RECORDS TO USE
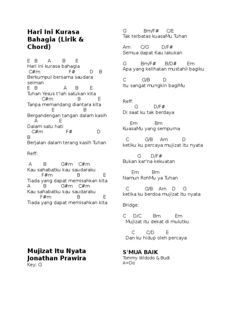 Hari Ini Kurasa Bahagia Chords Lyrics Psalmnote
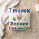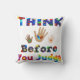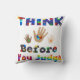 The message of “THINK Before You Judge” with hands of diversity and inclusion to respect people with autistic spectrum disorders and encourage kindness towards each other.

...

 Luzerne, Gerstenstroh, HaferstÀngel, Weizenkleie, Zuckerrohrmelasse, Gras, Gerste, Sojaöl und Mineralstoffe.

AIM OF THE TASK
Look above for the line containing "Hari Ini Kurasa", then write out every line from there down to the line containing "The message of", that line included, with no pictures.

RESULT OF THIS TASK
 Hari Ini Kurasa Bahagia Chords Lyrics Psalmnote
 The message of “THINK Before You Judge” with hands of diversity and inclusion to respect people with autistic spectrum disorders and encourage kindness towards each other.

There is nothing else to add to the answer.